Refugees were briefly stopped by Macedonian border authorities from crossing into the country (MEE/Givara al-Ali)

Givara is now waiting for an official stamp by the authorities before he continues on his next leg of his journey, where he hopes his final destination will be either Holland or the UK. He said that once he gets the stamp he will not wait for a train but will take a taxi directly to the Serbian border.

"I have enough money to book a hotel to sleep in, but I don't stay in my room. I like to spend most of my time with the other refugees who sleep in tents or out in the open. I bought 15 tents and gave them to families. My heart aches whenever I see a child sleeping on the ground hugging himself from the cold.”

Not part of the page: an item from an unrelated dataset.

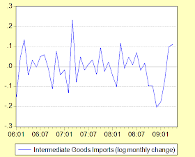 Especially encouraging is the month on month growth in intermediate goods imports, which would help determine future exports (log monthly changes):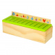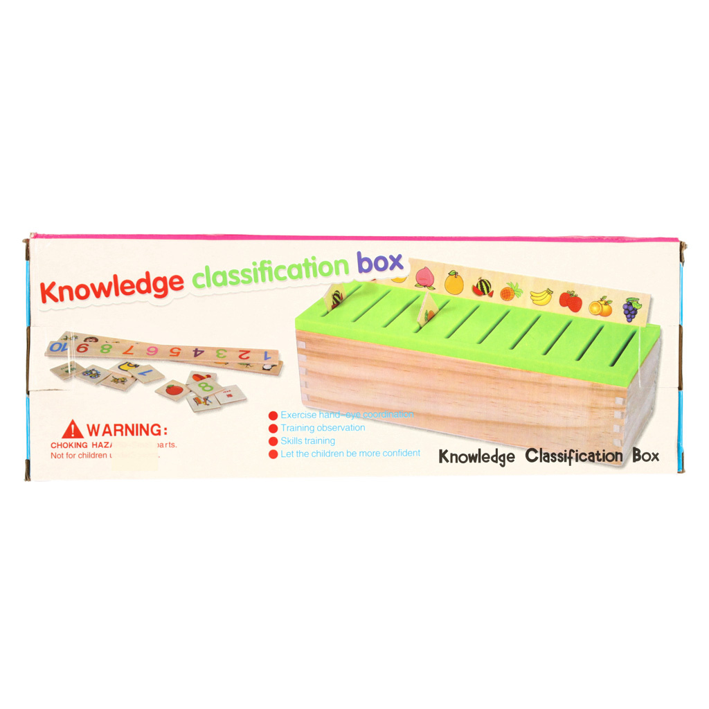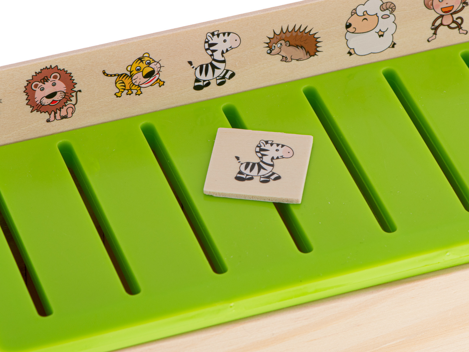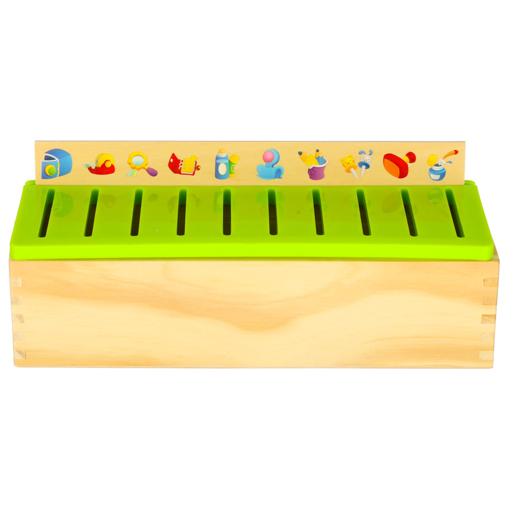 Zabawa polega na wrzuceniu w odpowiedni otwór takiego samego obrazka jaki jest umieszczony na dużej drewnianej tabliczce nad otworem.

He brushes off the families’ gratitude and says he feels like this is his obligation to them.

Humanitarian assistance exists in the form of packages sent by Doctors Beyond Borders and from the Greek authorities. Food trucks have sprouted near the border and some people buy what they can from there. But over the weekend, heavy rains resulted in many people getting sick, and Givara said there were medical shortages.

As for his next satirical video depicting life for Syrian refugees journeying across Europe, Givara says he is still gathering material.

“I have quite a lot of footage, but nothing really concrete,” he said, reflecting on the sober events and clashes at the border. “Not yet anyway.”

Middle East Eye will be following Givara's story as he continues his real-life journey north through Europe over the coming days in hopes of seeking asylum.